Directions for this task:
Every line of the data below needs to be reproduced exactly.

Data:
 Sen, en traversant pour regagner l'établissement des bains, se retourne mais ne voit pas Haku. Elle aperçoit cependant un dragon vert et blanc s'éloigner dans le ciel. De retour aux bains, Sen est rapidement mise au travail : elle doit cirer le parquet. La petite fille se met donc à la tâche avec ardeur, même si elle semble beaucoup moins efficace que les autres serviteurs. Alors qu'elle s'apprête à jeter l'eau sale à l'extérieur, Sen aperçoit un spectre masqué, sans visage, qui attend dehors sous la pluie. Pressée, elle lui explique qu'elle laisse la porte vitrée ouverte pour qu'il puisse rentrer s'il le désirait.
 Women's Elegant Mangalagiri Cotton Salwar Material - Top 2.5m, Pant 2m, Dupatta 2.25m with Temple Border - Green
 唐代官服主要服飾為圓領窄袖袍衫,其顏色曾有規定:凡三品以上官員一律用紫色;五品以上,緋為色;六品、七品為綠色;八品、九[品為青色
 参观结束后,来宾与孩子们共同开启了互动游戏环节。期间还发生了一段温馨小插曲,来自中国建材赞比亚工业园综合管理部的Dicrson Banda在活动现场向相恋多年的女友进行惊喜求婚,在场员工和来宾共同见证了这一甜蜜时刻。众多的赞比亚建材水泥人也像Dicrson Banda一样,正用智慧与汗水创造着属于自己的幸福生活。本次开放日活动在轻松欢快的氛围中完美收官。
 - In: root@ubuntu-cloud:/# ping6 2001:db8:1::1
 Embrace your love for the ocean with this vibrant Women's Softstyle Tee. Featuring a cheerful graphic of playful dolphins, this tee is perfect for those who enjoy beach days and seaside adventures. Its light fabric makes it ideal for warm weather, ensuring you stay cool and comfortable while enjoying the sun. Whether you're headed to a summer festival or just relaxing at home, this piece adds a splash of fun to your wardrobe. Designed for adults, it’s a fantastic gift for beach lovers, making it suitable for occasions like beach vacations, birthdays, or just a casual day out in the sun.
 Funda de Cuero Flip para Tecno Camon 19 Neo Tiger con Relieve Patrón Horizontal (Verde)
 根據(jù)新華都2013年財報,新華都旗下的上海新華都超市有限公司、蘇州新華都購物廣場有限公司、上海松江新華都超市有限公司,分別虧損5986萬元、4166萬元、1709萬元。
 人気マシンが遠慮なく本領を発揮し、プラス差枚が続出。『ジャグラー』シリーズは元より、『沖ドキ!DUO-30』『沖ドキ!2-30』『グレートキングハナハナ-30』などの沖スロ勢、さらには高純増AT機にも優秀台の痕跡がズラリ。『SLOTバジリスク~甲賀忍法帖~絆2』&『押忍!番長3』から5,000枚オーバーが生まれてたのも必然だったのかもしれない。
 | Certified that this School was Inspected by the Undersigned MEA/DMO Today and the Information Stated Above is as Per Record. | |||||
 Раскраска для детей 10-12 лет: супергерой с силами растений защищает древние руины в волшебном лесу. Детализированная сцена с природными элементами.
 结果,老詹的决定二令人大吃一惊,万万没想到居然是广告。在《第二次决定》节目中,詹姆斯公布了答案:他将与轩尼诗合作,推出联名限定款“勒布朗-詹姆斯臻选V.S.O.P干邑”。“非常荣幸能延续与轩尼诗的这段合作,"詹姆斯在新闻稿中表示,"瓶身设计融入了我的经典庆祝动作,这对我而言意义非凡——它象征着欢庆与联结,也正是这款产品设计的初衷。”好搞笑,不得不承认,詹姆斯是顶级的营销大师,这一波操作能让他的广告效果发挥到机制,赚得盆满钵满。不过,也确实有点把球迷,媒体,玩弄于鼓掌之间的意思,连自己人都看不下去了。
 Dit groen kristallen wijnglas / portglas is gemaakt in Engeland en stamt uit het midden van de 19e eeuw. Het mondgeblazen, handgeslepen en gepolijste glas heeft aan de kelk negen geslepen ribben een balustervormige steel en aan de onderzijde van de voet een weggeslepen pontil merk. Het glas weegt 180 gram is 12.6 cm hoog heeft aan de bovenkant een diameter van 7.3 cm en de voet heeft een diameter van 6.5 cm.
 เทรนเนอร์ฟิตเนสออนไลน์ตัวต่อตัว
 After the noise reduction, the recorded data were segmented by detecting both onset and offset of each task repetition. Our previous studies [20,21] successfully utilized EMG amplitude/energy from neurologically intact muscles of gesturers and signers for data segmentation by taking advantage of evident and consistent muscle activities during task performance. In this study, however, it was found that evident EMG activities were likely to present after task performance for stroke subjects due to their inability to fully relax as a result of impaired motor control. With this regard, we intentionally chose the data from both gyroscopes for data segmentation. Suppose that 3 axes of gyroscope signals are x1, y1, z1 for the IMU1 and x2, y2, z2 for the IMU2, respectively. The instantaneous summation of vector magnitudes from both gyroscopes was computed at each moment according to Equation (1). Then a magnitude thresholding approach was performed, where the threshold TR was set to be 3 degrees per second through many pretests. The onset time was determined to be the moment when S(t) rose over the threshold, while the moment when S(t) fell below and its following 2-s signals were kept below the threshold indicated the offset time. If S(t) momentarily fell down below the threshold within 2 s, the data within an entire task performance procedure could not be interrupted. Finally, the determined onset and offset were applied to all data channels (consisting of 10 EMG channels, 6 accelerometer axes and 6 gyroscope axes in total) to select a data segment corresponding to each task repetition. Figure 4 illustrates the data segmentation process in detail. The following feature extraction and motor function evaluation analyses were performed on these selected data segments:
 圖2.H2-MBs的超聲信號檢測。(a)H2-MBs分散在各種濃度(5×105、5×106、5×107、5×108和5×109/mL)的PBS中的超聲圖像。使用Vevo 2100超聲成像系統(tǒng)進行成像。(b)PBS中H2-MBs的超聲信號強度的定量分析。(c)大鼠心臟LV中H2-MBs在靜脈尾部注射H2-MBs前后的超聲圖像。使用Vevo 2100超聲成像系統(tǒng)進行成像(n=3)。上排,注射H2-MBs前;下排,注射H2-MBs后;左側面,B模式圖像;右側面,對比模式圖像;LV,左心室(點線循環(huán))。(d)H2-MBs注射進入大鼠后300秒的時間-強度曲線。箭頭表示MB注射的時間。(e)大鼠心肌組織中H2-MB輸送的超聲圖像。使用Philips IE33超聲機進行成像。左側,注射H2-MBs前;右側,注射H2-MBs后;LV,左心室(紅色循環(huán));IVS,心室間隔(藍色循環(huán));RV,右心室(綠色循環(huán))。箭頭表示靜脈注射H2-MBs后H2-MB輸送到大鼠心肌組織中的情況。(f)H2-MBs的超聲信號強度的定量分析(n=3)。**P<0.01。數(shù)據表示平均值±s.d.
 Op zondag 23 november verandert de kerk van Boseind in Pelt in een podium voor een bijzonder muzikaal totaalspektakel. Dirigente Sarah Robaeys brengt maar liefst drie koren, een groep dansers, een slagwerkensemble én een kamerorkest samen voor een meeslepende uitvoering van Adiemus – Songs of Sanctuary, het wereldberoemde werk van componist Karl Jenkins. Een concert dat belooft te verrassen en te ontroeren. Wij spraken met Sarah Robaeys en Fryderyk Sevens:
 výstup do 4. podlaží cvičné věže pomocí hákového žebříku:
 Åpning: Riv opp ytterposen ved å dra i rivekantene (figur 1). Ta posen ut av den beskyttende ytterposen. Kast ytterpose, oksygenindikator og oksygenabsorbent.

Solved exercise:
 Sen, en traversant pour regagner l'établissement des bains, se retourne mais ne voit pas Haku. Elle aperçoit cependant un dragon vert et blanc s'éloigner dans le ciel. De retour aux bains, Sen est rapidement mise au travail : elle doit cirer le parquet. La petite fille se met donc à la tâche avec ardeur, même si elle semble beaucoup moins efficace que les autres serviteurs. Alors qu'elle s'apprête à jeter l'eau sale à l'extérieur, Sen aperçoit un spectre masqué, sans visage, qui attend dehors sous la pluie. Pressée, elle lui explique qu'elle laisse la porte vitrée ouverte pour qu'il puisse rentrer s'il le désirait.
 Women's Elegant Mangalagiri Cotton Salwar Material - Top 2.5m, Pant 2m, Dupatta 2.25m with Temple Border - Green
 唐代官服主要服飾為圓領窄袖袍衫,其顏色曾有規定:凡三品以上官員一律用紫色;五品以上,緋為色;六品、七品為綠色;八品、九[品為青色
 参观结束后,来宾与孩子们共同开启了互动游戏环节。期间还发生了一段温馨小插曲,来自中国建材赞比亚工业园综合管理部的Dicrson Banda在活动现场向相恋多年的女友进行惊喜求婚,在场员工和来宾共同见证了这一甜蜜时刻。众多的赞比亚建材水泥人也像Dicrson Banda一样,正用智慧与汗水创造着属于自己的幸福生活。本次开放日活动在轻松欢快的氛围中完美收官。
 - In: root@ubuntu-cloud:/# ping6 2001:db8:1::1
 Embrace your love for the ocean with this vibrant Women's Softstyle Tee. Featuring a cheerful graphic of playful dolphins, this tee is perfect for those who enjoy beach days and seaside adventures. Its light fabric makes it ideal for warm weather, ensuring you stay cool and comfortable while enjoying the sun. Whether you're headed to a summer festival or just relaxing at home, this piece adds a splash of fun to your wardrobe. Designed for adults, it’s a fantastic gift for beach lovers, making it suitable for occasions like beach vacations, birthdays, or just a casual day out in the sun.
 Funda de Cuero Flip para Tecno Camon 19 Neo Tiger con Relieve Patrón Horizontal (Verde)
 根據(jù)新華都2013年財報,新華都旗下的上海新華都超市有限公司、蘇州新華都購物廣場有限公司、上海松江新華都超市有限公司,分別虧損5986萬元、4166萬元、1709萬元。
 人気マシンが遠慮なく本領を発揮し、プラス差枚が続出。『ジャグラー』シリーズは元より、『沖ドキ!DUO-30』『沖ドキ!2-30』『グレートキングハナハナ-30』などの沖スロ勢、さらには高純増AT機にも優秀台の痕跡がズラリ。『SLOTバジリスク~甲賀忍法帖~絆2』&『押忍!番長3』から5,000枚オーバーが生まれてたのも必然だったのかもしれない。
 | Certified that this School was Inspected by the Undersigned MEA/DMO Today and the Information Stated Above is as Per Record. | |||||
 Раскраска для детей 10-12 лет: супергерой с силами растений защищает древние руины в волшебном лесу. Детализированная сцена с природными элементами.
 结果,老詹的决定二令人大吃一惊,万万没想到居然是广告。在《第二次决定》节目中,詹姆斯公布了答案:他将与轩尼诗合作,推出联名限定款“勒布朗-詹姆斯臻选V.S.O.P干邑”。“非常荣幸能延续与轩尼诗的这段合作,"詹姆斯在新闻稿中表示,"瓶身设计融入了我的经典庆祝动作,这对我而言意义非凡——它象征着欢庆与联结,也正是这款产品设计的初衷。”好搞笑,不得不承认,詹姆斯是顶级的营销大师,这一波操作能让他的广告效果发挥到机制,赚得盆满钵满。不过,也确实有点把球迷,媒体,玩弄于鼓掌之间的意思,连自己人都看不下去了。
 Dit groen kristallen wijnglas / portglas is gemaakt in Engeland en stamt uit het midden van de 19e eeuw. Het mondgeblazen, handgeslepen en gepolijste glas heeft aan de kelk negen geslepen ribben een balustervormige steel en aan de onderzijde van de voet een weggeslepen pontil merk. Het glas weegt 180 gram is 12.6 cm hoog heeft aan de bovenkant een diameter van 7.3 cm en de voet heeft een diameter van 6.5 cm.
 เทรนเนอร์ฟิตเนสออนไลน์ตัวต่อตัว
 After the noise reduction, the recorded data were segmented by detecting both onset and offset of each task repetition. Our previous studies [20,21] successfully utilized EMG amplitude/energy from neurologically intact muscles of gesturers and signers for data segmentation by taking advantage of evident and consistent muscle activities during task performance. In this study, however, it was found that evident EMG activities were likely to present after task performance for stroke subjects due to their inability to fully relax as a result of impaired motor control. With this regard, we intentionally chose the data from both gyroscopes for data segmentation. Suppose that 3 axes of gyroscope signals are x1, y1, z1 for the IMU1 and x2, y2, z2 for the IMU2, respectively. The instantaneous summation of vector magnitudes from both gyroscopes was computed at each moment according to Equation (1). Then a magnitude thresholding approach was performed, where the threshold TR was set to be 3 degrees per second through many pretests. The onset time was determined to be the moment when S(t) rose over the threshold, while the moment when S(t) fell below and its following 2-s signals were kept below the threshold indicated the offset time. If S(t) momentarily fell down below the threshold within 2 s, the data within an entire task performance procedure could not be interrupted. Finally, the determined onset and offset were applied to all data channels (consisting of 10 EMG channels, 6 accelerometer axes and 6 gyroscope axes in total) to select a data segment corresponding to each task repetition. Figure 4 illustrates the data segmentation process in detail. The following feature extraction and motor function evaluation analyses were performed on these selected data segments:
 圖2.H2-MBs的超聲信號檢測。(a)H2-MBs分散在各種濃度(5×105、5×106、5×107、5×108和5×109/mL)的PBS中的超聲圖像。使用Vevo 2100超聲成像系統(tǒng)進行成像。(b)PBS中H2-MBs的超聲信號強度的定量分析。(c)大鼠心臟LV中H2-MBs在靜脈尾部注射H2-MBs前后的超聲圖像。使用Vevo 2100超聲成像系統(tǒng)進行成像(n=3)。上排,注射H2-MBs前;下排,注射H2-MBs后;左側面,B模式圖像;右側面,對比模式圖像;LV,左心室(點線循環(huán))。(d)H2-MBs注射進入大鼠后300秒的時間-強度曲線。箭頭表示MB注射的時間。(e)大鼠心肌組織中H2-MB輸送的超聲圖像。使用Philips IE33超聲機進行成像。左側,注射H2-MBs前;右側,注射H2-MBs后;LV,左心室(紅色循環(huán));IVS,心室間隔(藍色循環(huán));RV,右心室(綠色循環(huán))。箭頭表示靜脈注射H2-MBs后H2-MB輸送到大鼠心肌組織中的情況。(f)H2-MBs的超聲信號強度的定量分析(n=3)。**P<0.01。數(shù)據表示平均值±s.d.
 Op zondag 23 november verandert de kerk van Boseind in Pelt in een podium voor een bijzonder muzikaal totaalspektakel. Dirigente Sarah Robaeys brengt maar liefst drie koren, een groep dansers, een slagwerkensemble én een kamerorkest samen voor een meeslepende uitvoering van Adiemus – Songs of Sanctuary, het wereldberoemde werk van componist Karl Jenkins. Een concert dat belooft te verrassen en te ontroeren. Wij spraken met Sarah Robaeys en Fryderyk Sevens:
 výstup do 4. podlaží cvičné věže pomocí hákového žebříku:
 Åpning: Riv opp ytterposen ved å dra i rivekantene (figur 1). Ta posen ut av den beskyttende ytterposen. Kast ytterpose, oksygenindikator og oksygenabsorbent.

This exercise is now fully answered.